Более быстрым методом — сразу же назвать фамилию нужного им лица — вахмистры, кажется, всегда пренебрегали, вероятно, чтобы не ошибиться в произношении. Схюлтс собрался снять шляпу с вешалки, но бас остановил его словами: «Можно оставить здесь».

И вот он брел по коридору вслед за вахмистром, шагавшим по дорожке. В начале коридора вахмистр сказал: «Ждите» — и пошел дальше. Схюлтс посмотрел по сторонам. Недалеко от него, там, где начинались камеры, стоял высокий парень с русыми кудрями, в арестантской одежде и в кломпах. Он стоял лицом к стене. По площадке, куда выходили коридоры и где было несколько камер особого назначения (особых наказаний?), проходили коридорные с хлебными корзинами. Он чувствовал себя растерянным и не радовался этой прогулке, хотя и не выходил из камеры уже две недели. Камера была его домом, в котором он знал каждый камень; за ее стенами происходили непонятные вещи, подстерегали опасности. Его будут допрашивать? Здесь, в тюрьме? Ведь ему не велели брать шляпу. Кто будет вести допрос? О чем будут спрашивать? Будут пытать прямо в этом здании? Маловероятно, хотя, конечно, обычное избиение не исключается. Но как бы там ни было, свободной жизни в камере пришел конец, и мысленно он вторично простился со своей матерью. Когда он сделал несколько шагов в сторону площадки, чтобы немного размяться, раздался резкий окрик: «Это что такое! Захотелось прогуляться? А ну, живо к стенке!»

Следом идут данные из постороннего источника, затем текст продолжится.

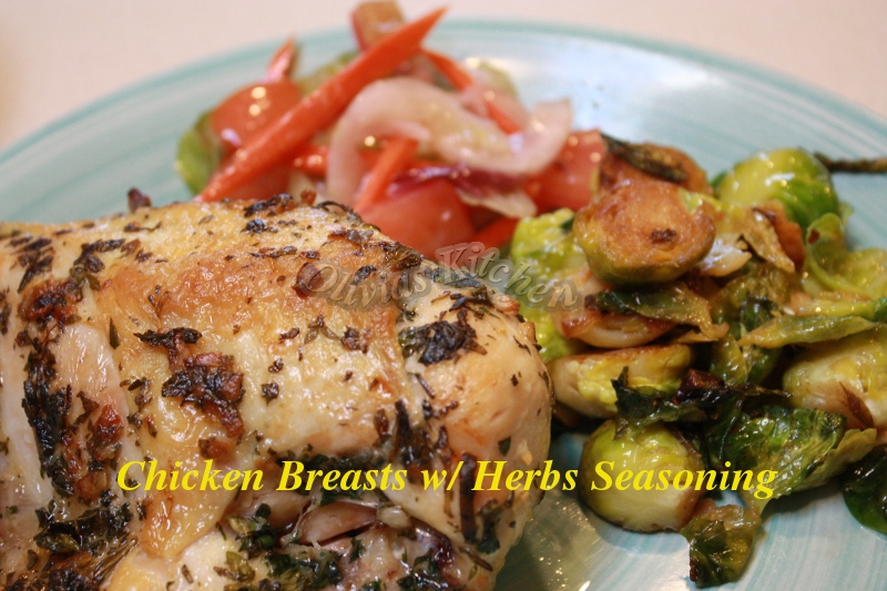 Then once you’re ready to cook it , heat up a little oil on the bottom of a skillet , on a high heat , sear the chicken breast , skin side down first , for about 3 minutes or 4 , and turned it , sear another 3 minutes . Then remove to a baking sheet , bake at 375 F , until meat is done , about 30-35 minutes , use a meat thermometer , set it to 160 F , and the meat should be nicely done . You do not want an overcook chicken breast !! You want a nice and juicy chicken breast . Do not cut the chicken right after you take it out from the oven , ,let it sit for 10-15 minutes , let it finished cooking , and let the juice distribute all over .

Узнав одного из крысоподобных коридорных, разбойничья рожа которого пыталась, казалось, выразить нечто вроде благородного негодования, Схюлтс поспешил встать рядом с парнем, повернувшись лицом к стене. Так они и стояли рядом с таким видом, словно собирались помочиться, но не решались. Парень молчал, не глядя на Схюлтса. На его губах играла ироническая усмешка, но, возможно, у него всегда было такое выражение лица. Убедившись, что за ними не следят, Схюлтс прошептал:

— Тебя тоже на допрос?

Парень посмотрел через плечо и ответил!

— Нет, я работаю на кухне. А тебя на допрос?

— Наверное. Они ничего не сказали.

— Ты будешь работать на кухне. Вчера одного из наших выпустили.

— Работать на кухне? А как там?

Парень не ответил, по площадке проходил вахмистр. Схюлтс повторил вопрос, и он прошептал:

— В кухне хорошо. Остается много объедков.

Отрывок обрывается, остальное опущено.